At this site, I am my own boss and basically write here because I have a compulsion to do so, not because I expect anyone to read, understand or care. Writing is really some kind of sickness that drives people to do it all the time or they will explode. I have to write because I have to get this stuff out of me. So, in that way and by writing here, I am less burdened by the pressure to be entertaining or even good. That is not to say that I don’t care. I do. But there is a certain thing that happens to people, at least to me, when someone is expecting you to perform in order to get paid. For me, it becomes more work and I tend to be far more critical of what I write in those circumstances than I am for things here.

I want things to be good here and I want people to read this and like it or hate it or ion some way react, but don’t expect them to. But I can’t say for sure if anyone is even reading this stuff. So, there is less pressure to be good or entertaining. Perhaps I’m just lazy at heart and only care if I’m getting paid to care. In some ways that might make me a whore except that in most cases, if not all, the whore is only pretending to care and doesn’t actually, really, give a crap. That’s the difference, I guess. In this case, I’m the whore with a heart of gold and I care. Really. Now give me fifty bucks. Don’t look at me, I earned it!

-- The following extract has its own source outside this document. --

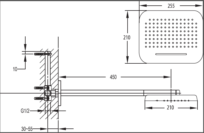 | Дополнительная информация | длина верхнего душа: 210 мм; ширина верхнего душа: 255 мм |

You have to love a place where the author refers to themselves as a whore. But really, when I think about it more, I have been a whore many times in my life. For example, almost every time I ever did a movie or a music video or a commercial that I didn’t believe in. I only did it for the money in those cases but also in those cases I did care about how it all turned out. I wanted the results to be good and worked very hard to make sure that they were. it didn’t always work out but it wasn’t because I didn’t care or didn’t try, there were other factors that influenced the outcome. It wasn’t me. I was in there swinging for the fences but the fences kept getting moved farther and farther away.

What does any of this mean to you? Well friends (yes you, you and you) here’s where I pull it all together. In your life, it’s ok to not be great sometimes and its even ok to fail once in awhile. As long as you can go home knowing that you tried to do your best, you’re still a winner. And, its ok to be a whore too sometimes. We are all like that once in awhile. You haven’t sold out as long as you keep fighting for quality. If you ever stop fighting to make things better, even when nobody else gives a crap, then its over and you are just a whore who’s faking it. And faking it is not good. Unless you’re the President of the United States. In that case, its all good.

On another front, somebody put together a list of the best comic book covers of 2006.I think that’s kinda cool. I know the year isn’t over yet but what the hell. Check it out here. Plus, I thought the picture was somewhat appropriate to the above diatribe. That’s it. Stay classy San Diego (or LA or New York or London or wherever you are).